From Amazon
Ariadne's Dream, Tess Fragoulis's first novel, is a lush, extravagant, and squalid tale of love, drugs, myths, sex, and death in Athens and the Greek Islands. Ariadne is a young Montreal Greek who, bored with her Canadian life, travels to Athens in search of change. After months of isolation, she finds it in the form of Yannis Vissinos, a musician and junkie who quickly dominates her heart, bank account, and life. Heroin quickly tears Ariadne and Yannis apart, and Ariadne flees to work as a waitress in a seedy jazz bar on Nysas, a hedonistic cesspool beloved of libidinous tourists. Installed in a life of numbing servitude, she pines for Yannis, who is tied to her by an affair that can't just end.
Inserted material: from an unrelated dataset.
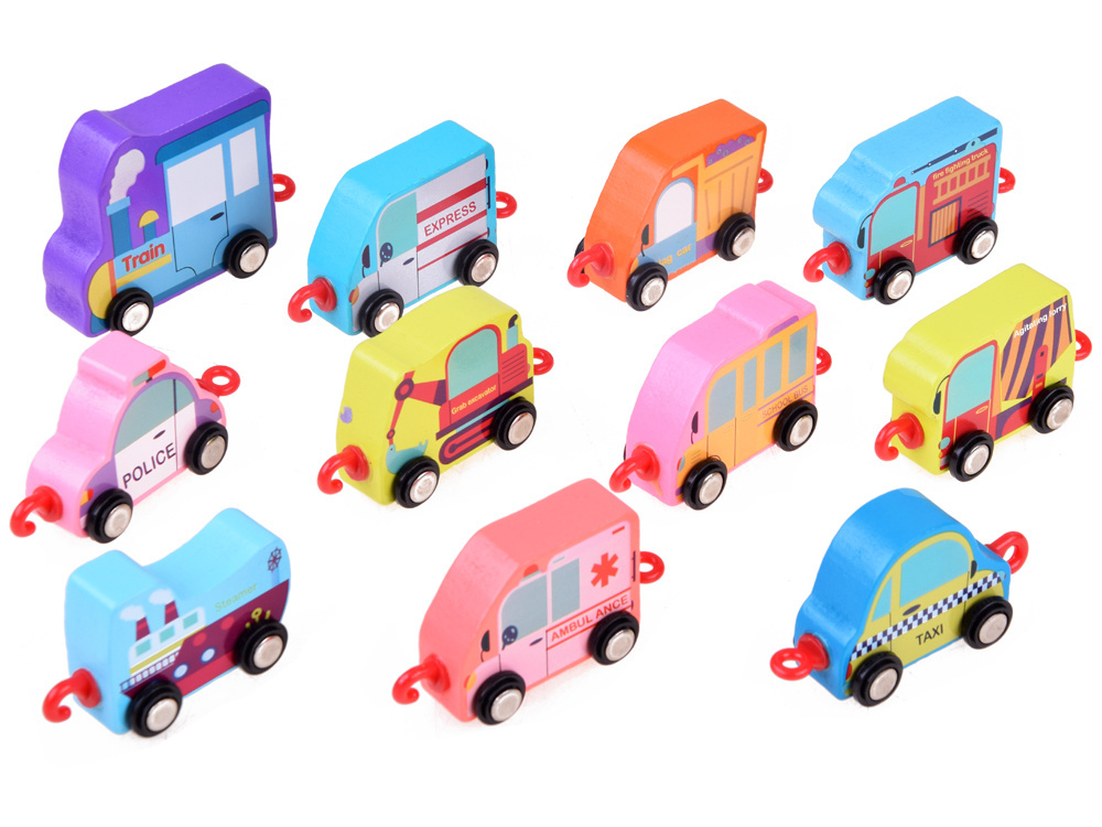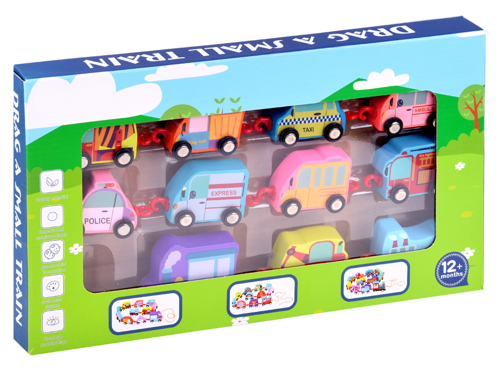 Hračka vyrobená ze dřeva, s plastovými koly a háky. Barvy a grafika vagonů jsou velmi atraktivní a povzbudí každé dítě ke hře.

Fragoulis's combination of mythology and dark, comic romance sometimes feels a bit too familiar; the myth-laden meeting of a promiscuous Canadian woman abroad and a drug-addled musician was recently used a bit more effectively in fellow Montrealer Will Aitken's Realia. Unlike Aitken, Fragoulis doesn't quite manage to harmonize her tragicomic impulses. The antics of lovelorn Ariadne and brutal Yannis are very entertaining, but the narrator's insistence on tragedy and pathos is never believable. Ariadne's Dream is a fun, intelligent, sexy novel, but it fails to realize its own ambitions. --Harvey Cornell
About the Author
Tess Fragoulis was born in Herkalion, Crete, and grew up in Montreal where she currently lives and writes. She has written for television and newspapers, and has published widely in literary journals.